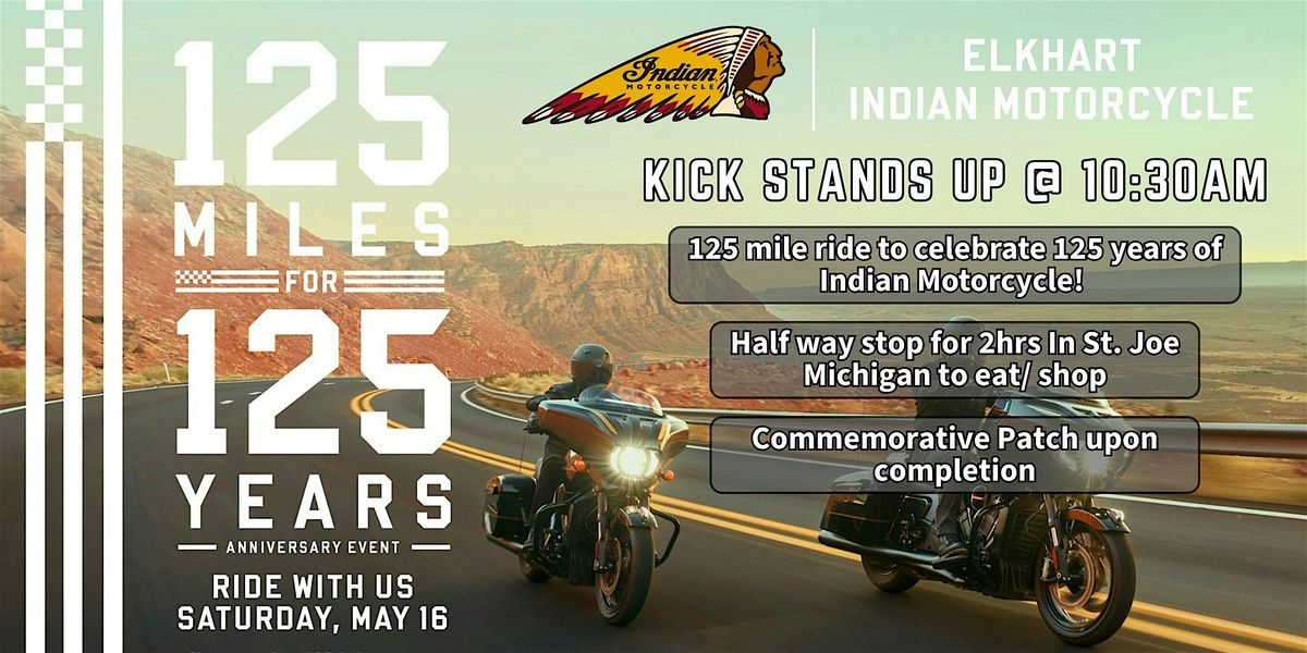 This 125 mile ride to celebrate Indian Motorcycle's 125 year anniversary will start and end at our dealership with a half way stop in St. Joe Michigan!
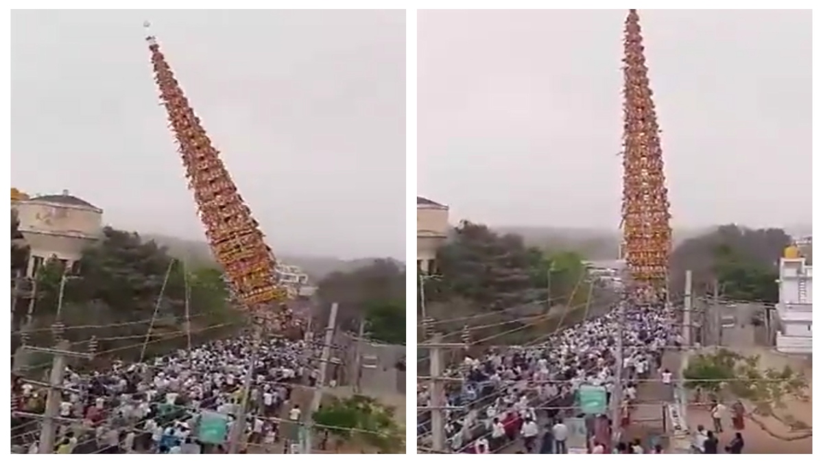 बेंगलुरू के एक गांव में उत्सव के दौरान एक 100 फीट ऊंचा रथ अचानक भीड़ पर गिर पड़ा, जिसमें दबकर एक शख्स की मौत हो गई और कई लोग घायल हैं। देखें वीडियो…
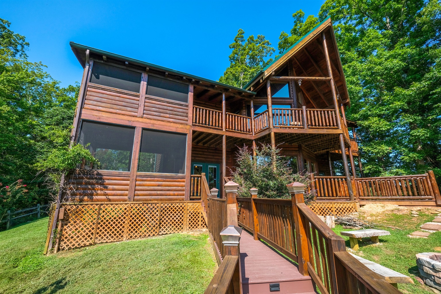 - 2 acres, cannot see cabins from back at all, nice views, nice yard area, covered picnic area with charcoal, AND propane grill
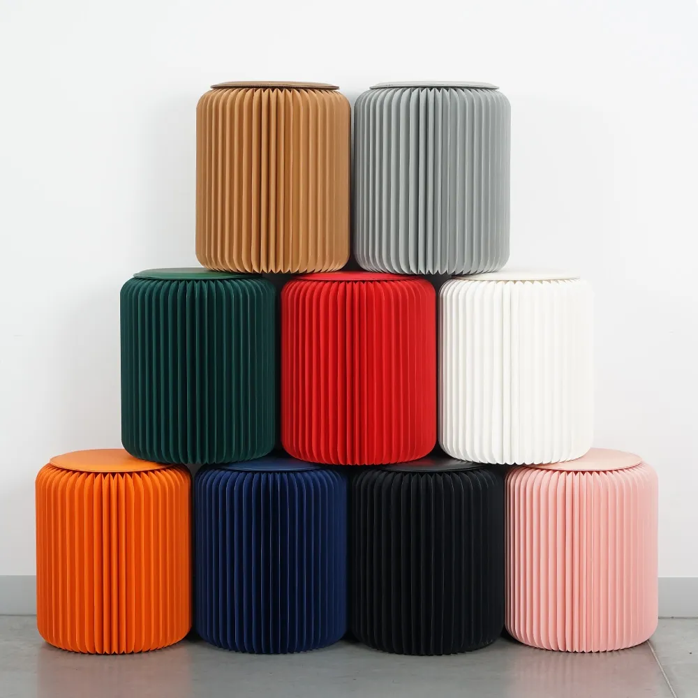 A concertina stool, like other collapsible paper furniture, offers a space-saving design for easy storage and transportation to events. The collapsed dimensions of 18 x 42 x 3cm make it compact enough to stack multiple stools together when not in use whilst making it easy to carry them to needed areas.

About this exercise:
The listing above must be printed again exactly, minus its pictures.

Exercise solution:
 This 125 mile ride to celebrate Indian Motorcycle's 125 year anniversary will start and end at our dealership with a half way stop in St. Joe Michigan!
 बेंगलुरू के एक गांव में उत्सव के दौरान एक 100 फीट ऊंचा रथ अचानक भीड़ पर गिर पड़ा, जिसमें दबकर एक शख्स की मौत हो गई और कई लोग घायल हैं। देखें वीडियो…
 - 2 acres, cannot see cabins from back at all, nice views, nice yard area, covered picnic area with charcoal, AND propane grill
 A concertina stool, like other collapsible paper furniture, offers a space-saving design for easy storage and transportation to events. The collapsed dimensions of 18 x 42 x 3cm make it compact enough to stack multiple stools together when not in use whilst making it easy to carry them to needed areas.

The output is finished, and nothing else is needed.